Prospective, longitudinal studies with larger survivor cohorts are needed to validate these findings and characterise the temporal trajectory of post-MVD sequelae. The integration of imaging, immunophenotyping, and transcriptomic profiling would provide mechanistic insights into organ-specific and systemic changes. Culturally adapted, mixed-method mental health assessments are essential to ensure the comprehensive detection of psychological outcomes. Methodologically, Bayesian statistical approaches may offer superior inference in rare cohort studies and should be complemented by effect size estimates and confidence intervals to more accurately convey uncertainty and biological plausibility. Collectively, these directions will deepen our understanding of filovirus survivorship but also inform evidence-based strategies for long-term clinical management, surveillance, and vaccine-related countermeasures. This study was designed as a descriptive, observational analysis of long-term health outcomes among Marburg virus disease (MVD) survivors 13 years post-infection. While age- and sex-matched community controls are included to provide contextual reference, the data are not intended for direct causal inference and should be interpreted as exploratory and hypothesis-generating. The extended interval since acute infection and the limited sample size preclude the definitive attribution of observed differences solely to prior MARV exposure. Nevertheless, these findings provide valuable insights into possible enduring physiological and biochemical alterations following MVD survival. Plans are underway to leverage biobanked and newly collected specimens to further characterise immune and molecular biomarkers associated with disease outcomes and long-term sequelae. We recommend that future studies employ longitudinal or case–control designs with prospective sampling, the integration of acute-phase data, and multi-omics analyses to better delineate causal relationships and mechanistic pathways in post-filovirus-disease syndromes.

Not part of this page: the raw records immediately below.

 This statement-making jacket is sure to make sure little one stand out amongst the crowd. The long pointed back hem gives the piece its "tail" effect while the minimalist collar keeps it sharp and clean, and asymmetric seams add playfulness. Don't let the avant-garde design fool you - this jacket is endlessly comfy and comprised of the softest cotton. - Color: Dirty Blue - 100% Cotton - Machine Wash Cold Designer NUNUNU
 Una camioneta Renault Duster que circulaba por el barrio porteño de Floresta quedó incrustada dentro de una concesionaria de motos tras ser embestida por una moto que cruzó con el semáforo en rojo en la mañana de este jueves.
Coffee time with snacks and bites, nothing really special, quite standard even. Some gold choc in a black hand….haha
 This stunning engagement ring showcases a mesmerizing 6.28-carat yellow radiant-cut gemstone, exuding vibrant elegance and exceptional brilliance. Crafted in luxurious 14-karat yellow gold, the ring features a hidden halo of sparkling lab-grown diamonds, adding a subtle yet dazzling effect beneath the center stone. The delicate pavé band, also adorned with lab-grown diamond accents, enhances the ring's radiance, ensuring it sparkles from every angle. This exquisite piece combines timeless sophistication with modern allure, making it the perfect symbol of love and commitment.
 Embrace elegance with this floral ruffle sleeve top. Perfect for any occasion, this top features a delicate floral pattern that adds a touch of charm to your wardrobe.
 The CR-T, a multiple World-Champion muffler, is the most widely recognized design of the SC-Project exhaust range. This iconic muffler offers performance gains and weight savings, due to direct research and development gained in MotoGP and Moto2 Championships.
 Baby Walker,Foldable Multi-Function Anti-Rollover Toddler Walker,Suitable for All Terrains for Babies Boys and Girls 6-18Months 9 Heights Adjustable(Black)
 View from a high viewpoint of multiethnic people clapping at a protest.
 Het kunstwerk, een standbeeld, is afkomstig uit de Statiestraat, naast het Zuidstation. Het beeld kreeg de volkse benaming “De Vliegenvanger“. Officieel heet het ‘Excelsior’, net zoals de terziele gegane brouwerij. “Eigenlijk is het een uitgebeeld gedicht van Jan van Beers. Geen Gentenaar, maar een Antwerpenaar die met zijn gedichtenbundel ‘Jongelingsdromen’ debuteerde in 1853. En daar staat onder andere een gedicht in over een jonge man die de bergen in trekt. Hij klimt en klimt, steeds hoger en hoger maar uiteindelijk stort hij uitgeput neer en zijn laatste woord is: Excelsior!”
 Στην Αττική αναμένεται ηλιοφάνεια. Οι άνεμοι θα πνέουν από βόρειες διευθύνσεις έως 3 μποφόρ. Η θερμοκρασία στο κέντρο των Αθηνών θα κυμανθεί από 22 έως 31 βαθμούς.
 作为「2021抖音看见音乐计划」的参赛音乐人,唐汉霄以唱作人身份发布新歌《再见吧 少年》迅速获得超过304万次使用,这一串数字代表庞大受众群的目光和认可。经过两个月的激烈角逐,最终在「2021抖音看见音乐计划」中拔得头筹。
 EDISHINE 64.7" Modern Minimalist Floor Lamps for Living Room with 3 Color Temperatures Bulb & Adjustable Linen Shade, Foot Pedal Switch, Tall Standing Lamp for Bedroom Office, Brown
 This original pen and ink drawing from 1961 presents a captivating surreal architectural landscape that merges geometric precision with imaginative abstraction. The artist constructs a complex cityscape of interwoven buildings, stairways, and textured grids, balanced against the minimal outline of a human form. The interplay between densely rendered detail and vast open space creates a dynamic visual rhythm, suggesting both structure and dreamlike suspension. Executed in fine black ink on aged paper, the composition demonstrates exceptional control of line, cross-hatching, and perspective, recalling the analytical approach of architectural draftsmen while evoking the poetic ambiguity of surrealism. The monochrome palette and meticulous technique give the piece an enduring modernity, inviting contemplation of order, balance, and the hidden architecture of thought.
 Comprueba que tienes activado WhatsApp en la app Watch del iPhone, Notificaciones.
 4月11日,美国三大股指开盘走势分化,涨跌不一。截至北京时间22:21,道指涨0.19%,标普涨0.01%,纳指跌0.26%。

In conclusion, thirteen years post-infection, MVD survivors demonstrate persistent but subclinical cardiometabolic and biochemical alterations, with minimal psychological or multisystem morbidity. These findings challenge assumptions drawn from EVD survivorship and underscore the need for MVD-specific care frameworks. Targeted follow-up and survivor support are warranted to mitigate long-term health risks and ensure evidence-based post-epidemic responses.